President Donald Trump on March 11 condemned violence against Tesla dealerships and said he would consider labeling perpetrators as domestic terrorists, following multiple acts of vandalism and demonstrations at the electric vehicle company’s showrooms throughout the United States.
“I will do that, I’ll do it. I’m going to stop them,” Trump said when asked if he would consider labeling the individuals carrying out the violence as domestic terrorists.
The president told reporters his administration is already aware of who some of the people are behind the attacks, adding that law enforcement will soon apprehend them.
“Those people are going to go through a big problem when we catch them. We’ve got a lot of cameras up, we already know who some of them are. We’re going to catch them. And they’re bad guys. They’re the same guys that screw around with our schools and universities, the same garbage,” Trump said.

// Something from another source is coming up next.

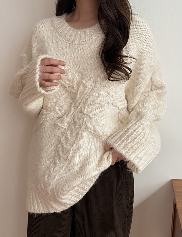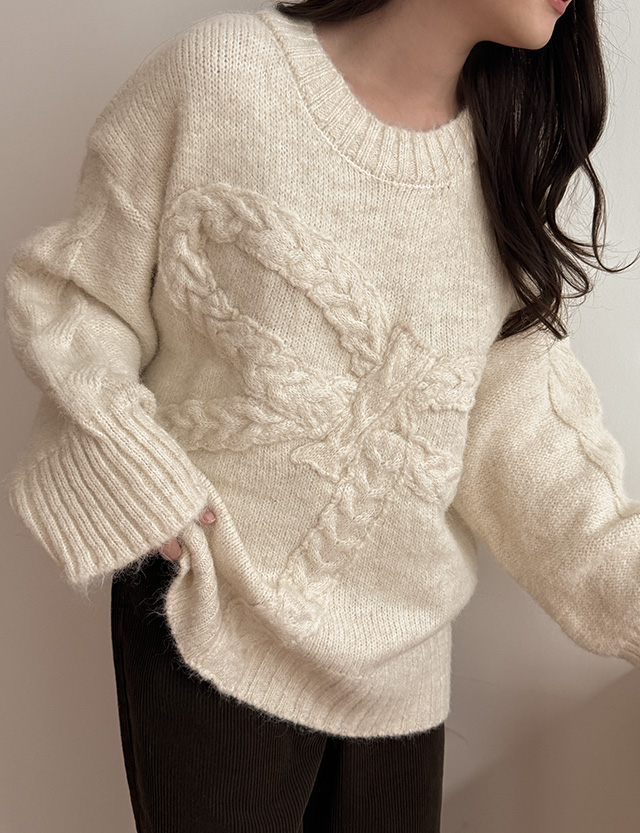 러빙리본 ラウンド ルーズフィット ウール ニット 85620

Trump described Tesla as “a great American company” that “supplies so many people in jobs that others are unable to do.”
Trump’s comments come as police are investigating a series of attacks on Tesla showrooms and charging stations across the country amid backlash over Musk’s role in cuts to the federal workforce and the cancellation of contracts made by the U.S. Agency for International Development to fund programs around the world.
The Trump administration’s Department of Government Efficiency, which has been tasked with rooting out waste, fraud, and abuse in federal operations, is led, in part, by special adviser Musk.
In a separate incident on March 3, seven charging stations were set on fire at a mall outside of Boston, with the Littleton Police Department describing it as “suspicious in nature.”
A group claiming to be an organizer of the “Tesla Takedown” protests said in a statement on the social media platform Bluesky that it was peaceful and opposed violence.
“Peaceful protest on public property is not domestic terrorism. They are trying to intimidate us. We will not let them succeed,” the group stated while calling for people to join the protests.